Филипп кивнул, достал деньги и спросил:
- Вылечишь? Сколько скажешь, заплачу.
- Время – её лекарь. В остальном она – адекватна? Это единственная странность в её поведении?
- Да. Она смышлёная, добрая, ласковая девочка. Няня её вязать научила, в травах разбираться. Ребёнок как ребёнок, пока нет «угрозы».
- В травах, говоришь, её няня разбирается? Пусть пустырник заварит, и в чай девочке добавляет. Вылечить не вылечит. А поспокойней станет.
- Как долго давать траву заваренную?
- Я сказал в чай добавлять. В общей сложности – по одной трети стакана каждый день в течение двух недель. И – внимание, прогулки. Любовь – творит чудеса. Оттает со временем. Ну, а ежели нет, это не самое страшное. Чудачеств у нас у всех хватает. Вы же не собираетесь помещать её в клинику для душевнобольных из-за этого. Залечат, искалечат. И чего отродясь не было, появится. Она нормальна, как может быть нормален человек, перенесший стресс. Ещё раз напоминаю, время – её доктор. Пусть бегает, играет. Не подавляйте её волю. Всё образуется.
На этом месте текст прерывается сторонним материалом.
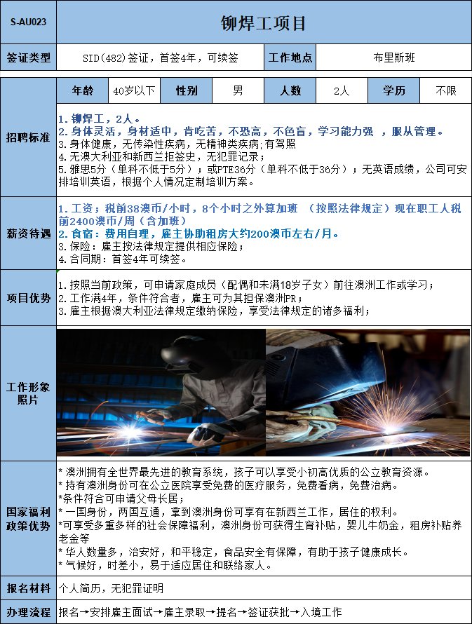焊接铝板和铁板,二保焊熟练工,年薪76515澳币,雇主支付12%养老保险。
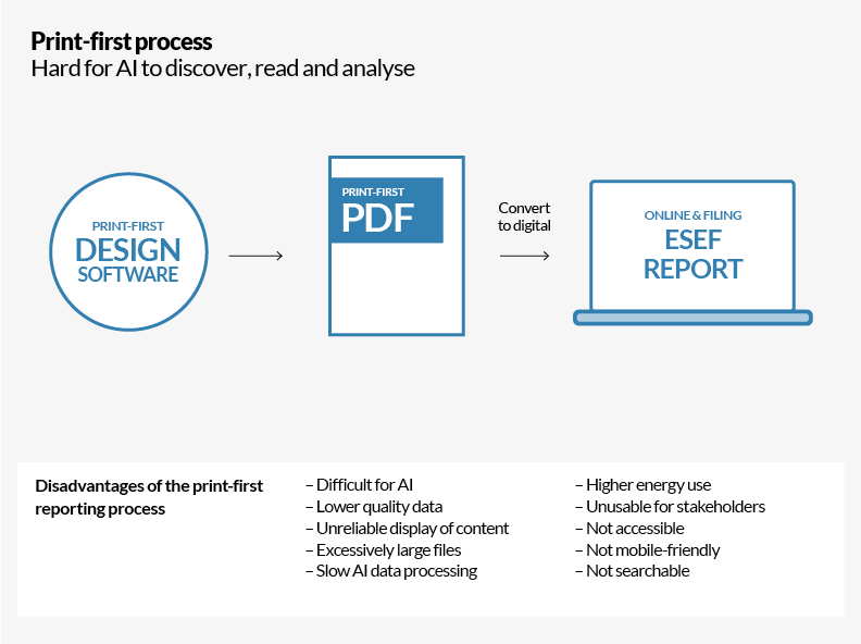 As a legacy of print-first design software, many companies still create their mandatory ESEF report by converting a print format (PDF) to digital (HTML) – known as a ‘bolt-on’ process.
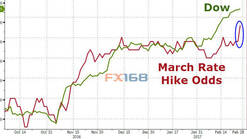 FX168财经报社(香港)讯 尽管美联储(FED)一直强烈呼吁加息,但3月加息概率近几周来一直保持在1/3附近,但周二(2月28日)该概率突出飙涨,一度触及50%,路透称之为“完全出于意外”。
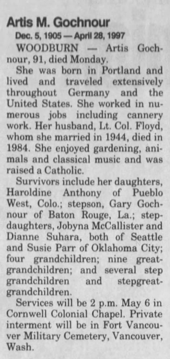 - Artis May Louden+ b. 5 Dec 1905, d. 28 Apr 1997
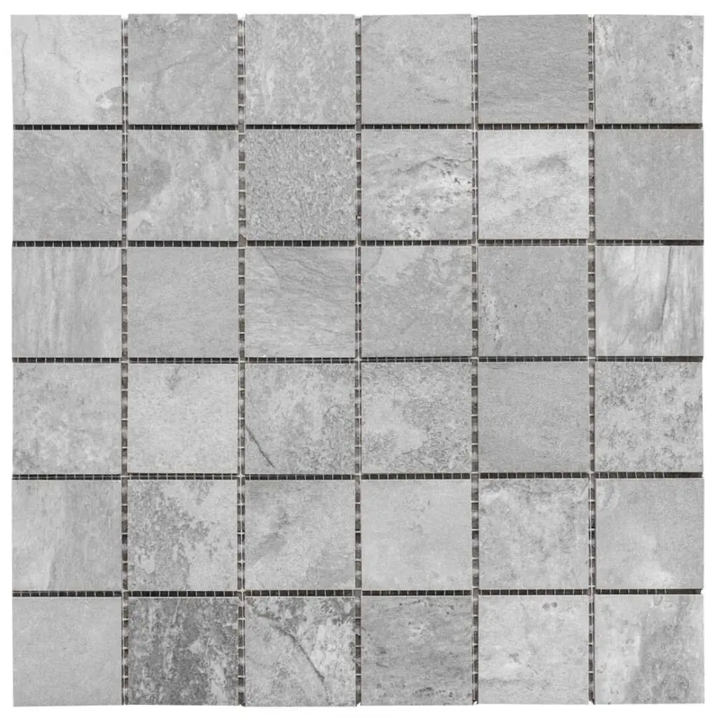 Wells Stone 2" X 2" Porcelain Floor And Backsplash Wall Tile - Grey - 1 Sheet (1 Sq. Ft.)
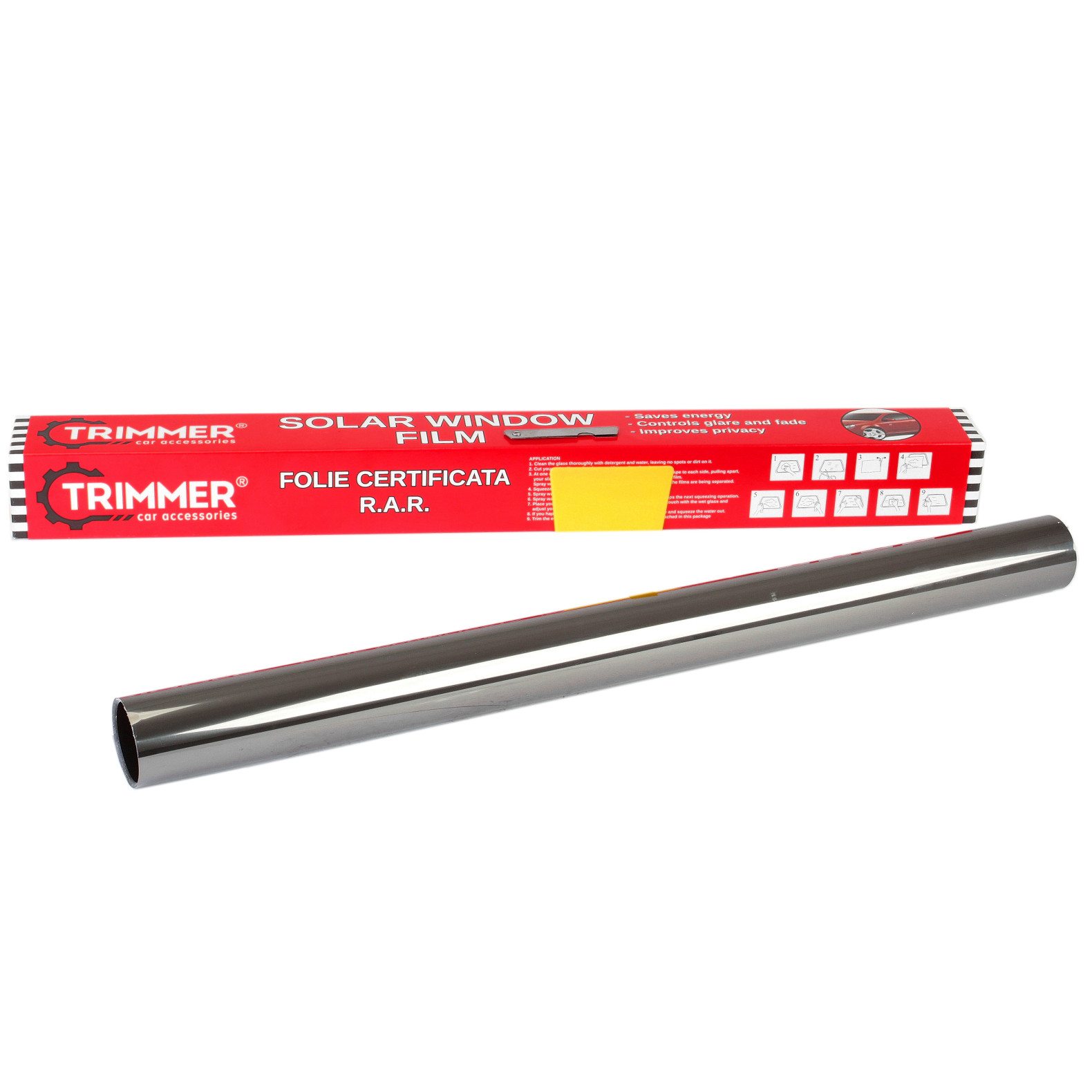 Certificat de garantie si declaratie de conformitate pe o parte, instructiuni de montare a foliilor pe verso.
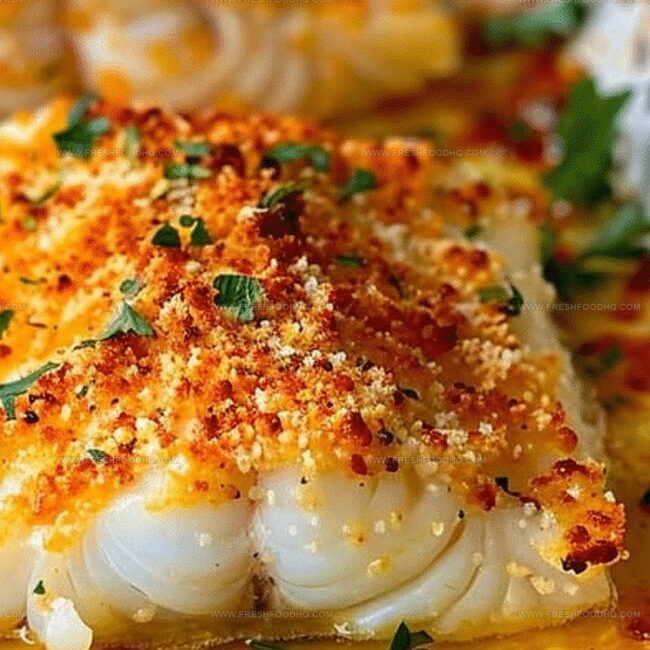 Mediterranean-inspired Parmesan Baked Cod delivers a succulent seafood experience with crispy herbed crust and delicate flaky fish. Elegant dinner guests will savor this simple yet sophisticated coastal dish that brings Mediterranean flavors right to your plate.
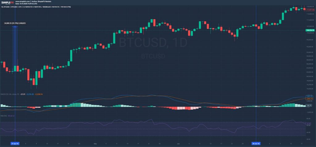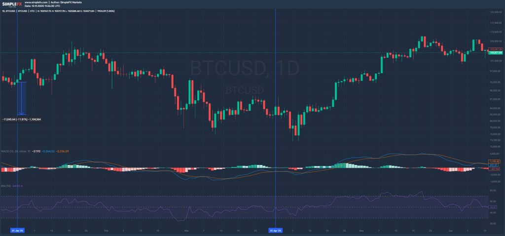 When it became clear that US tariffs wouldn’t be as high as previously thought, BTC began its spring rally. The mid-year closed around $104,000, representing a nearly 30% quarterly gain.
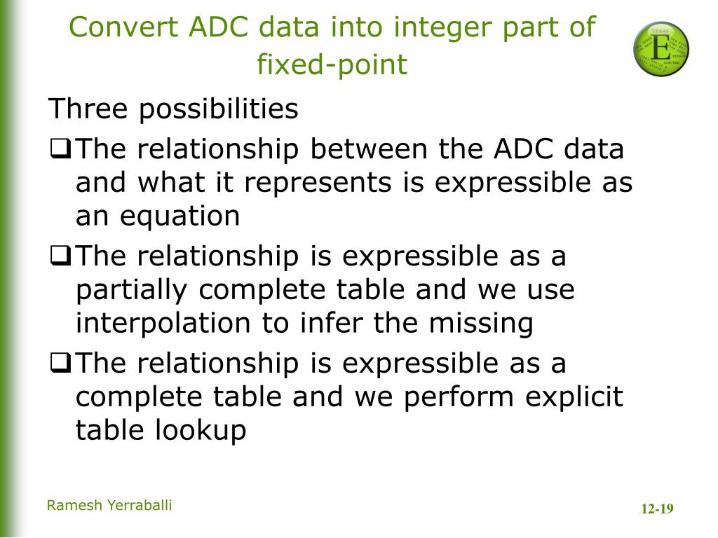 Convert ADC data into integer part of fixed-point Three possibilities • The relationship between the ADC data and what it represents is expressible as an equation • The relationship is expressible as a partially complete table and we use interpolation to infer the missing • The relationship is expressible as a complete table and we perform explicit table lookup Ramesh Yerraballi
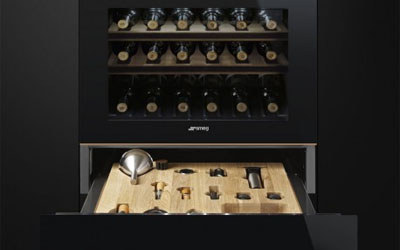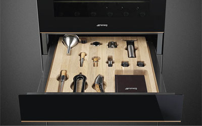 The Smeg 15cm Linea Sommelier Drawer in Midnight Black is perfect for wine enthusiasts who appreciate a blend of elegant design and practical functionality, making wine preparation and enjoyment a seamless part of their kitchen experience.
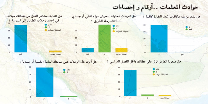 كشف استبيان أجرته معدة التحقيق مع خمسين معلمة يعملن في قرى نائية، أن 97 في المئة من المعلمات يشعرن بالقلق من فقدان حياتهن في إحدى رحلات الطريق إلى المدرسة، في حين أكدت النسبة ذاتها أن رحلات الطريق أثرت على صحتهن العامة نفسياً أو جسديا، بالإضافة إلى أن نسبة 74 في المئة من المعلمات يعتقدن أن وظيفتهن كمعلمات خارج منطقة سكنهن لعبت دوراً سلبياً على حياتهن بنسبة كبيرة، في حين أثر ذلك بنسبة متوسطة على 14 في المئة منهن.
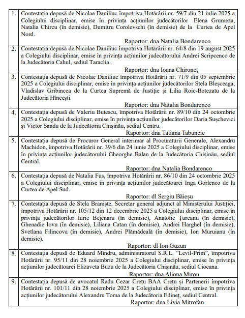 update CSM s-a retras în deliberare pe contestațiile depuse de inspectorul-judecător principal, Diana Ioniță, și membrul CSM, Ion Guzun, împotriva Hotărârii nr. 13/9 din 05 septembrie 2025 a Colegiului disciplinar, emise în privința acțiunilor judecătorului Victor Sîrbu de la Judecătoria Chișinău, sediul Centru.
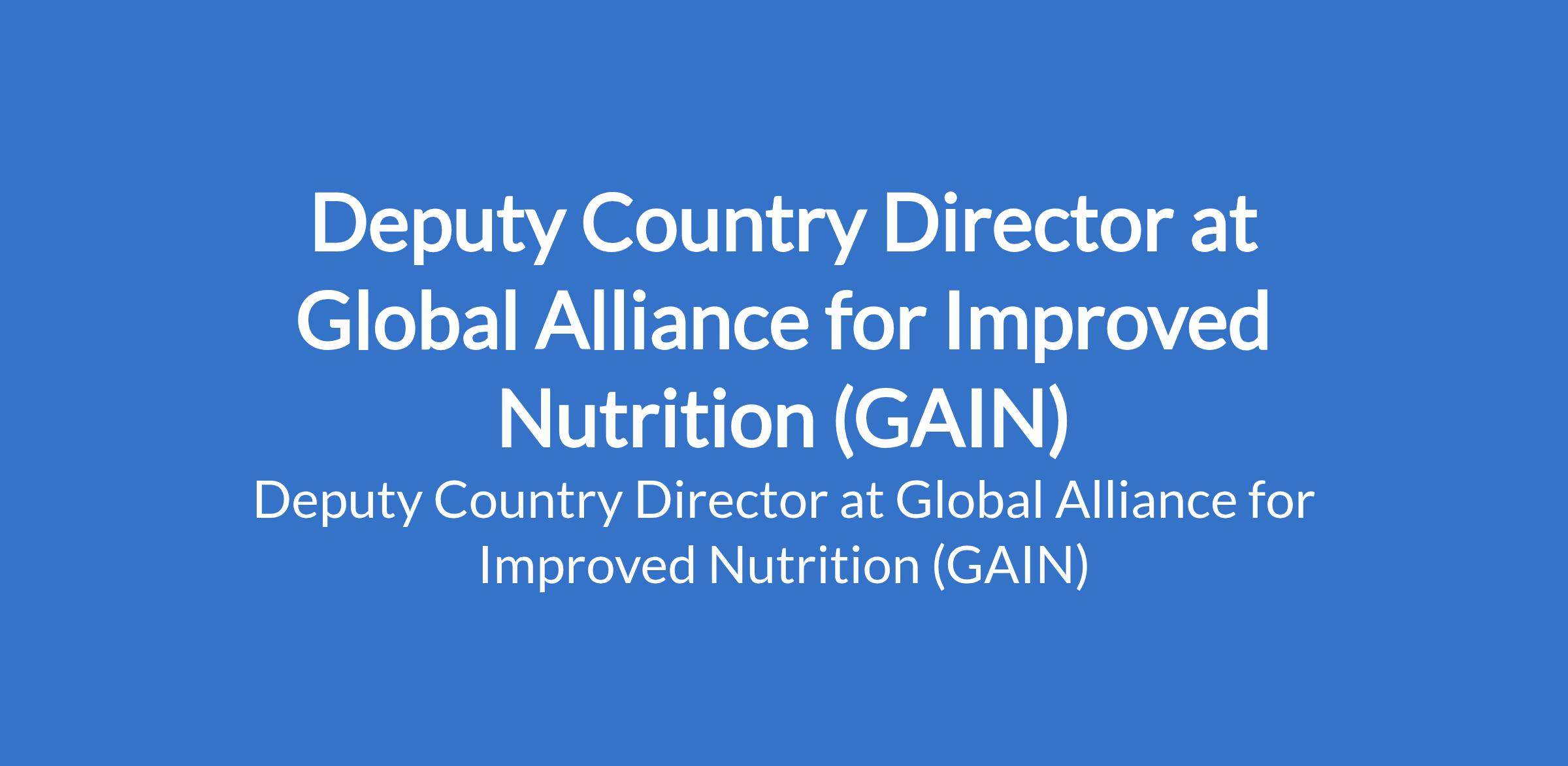 Global Alliance for Improved Nutrition (GAIN) is recruiting to fill the position of: Deputy Country Director. The position is located in Abuja. Interested candidates should possess a Master's Degree level preferably in Nutrition, Food Science/Technology, Agriculture, Public Health, or Development.

Братья не могли нарадоваться на Настеньку. Правда, когда настало время обучаться грамоте, и они наняли учителя, девочка заявила, что не будет учиться. И никакие уговоры не помогли. Они пообщались и пришли к единогласному решению, не заставлять.
Так и жила Настенька под присмотром няни на радость братьям. Казалось, время не текло, а утекало. А порой казалось, что жизнь проходит, а она застряла где-то между воспоминаниями и надеждой.
И теперь уже во сне девочка вновь и вновь возвращалась к одному и тому же эпизоду. Она была измучена, истерзана странными видениями, но они цепко держали её в плену. Острота события ушла со временем. А потом возникло ощущение, что всё, пережитое ею, стёрлось совсем. Девочка забыла о том, что случилось когда-то. Но где-то на уровне, о котором она и не подозревала, возникла устойчивая связь: при малейшей опасности прятаться в погреб. Это спасение, это жизнь.
Прошло десять лет. Настенька стала симпатичной девушкой, немного замкнутой, не желающей впускать в свою жизнь посторонних людей. Она никогда не жаловалась, не просила у братьев нарядов, любила слушать нянины сказки, сама сочиняла, но писать и читать учиться по-прежнему не желала.
- Настенька, ты уже взрослая, должна понимать, что трудно будет найти тебе достойную пару, если не научишься читать и писать, - произнёс Филипп, когда они сидели в саду.
- Я не хочу замуж. Я с вами буду жить. Мне и так хорошо, - улыбнулась Настенька.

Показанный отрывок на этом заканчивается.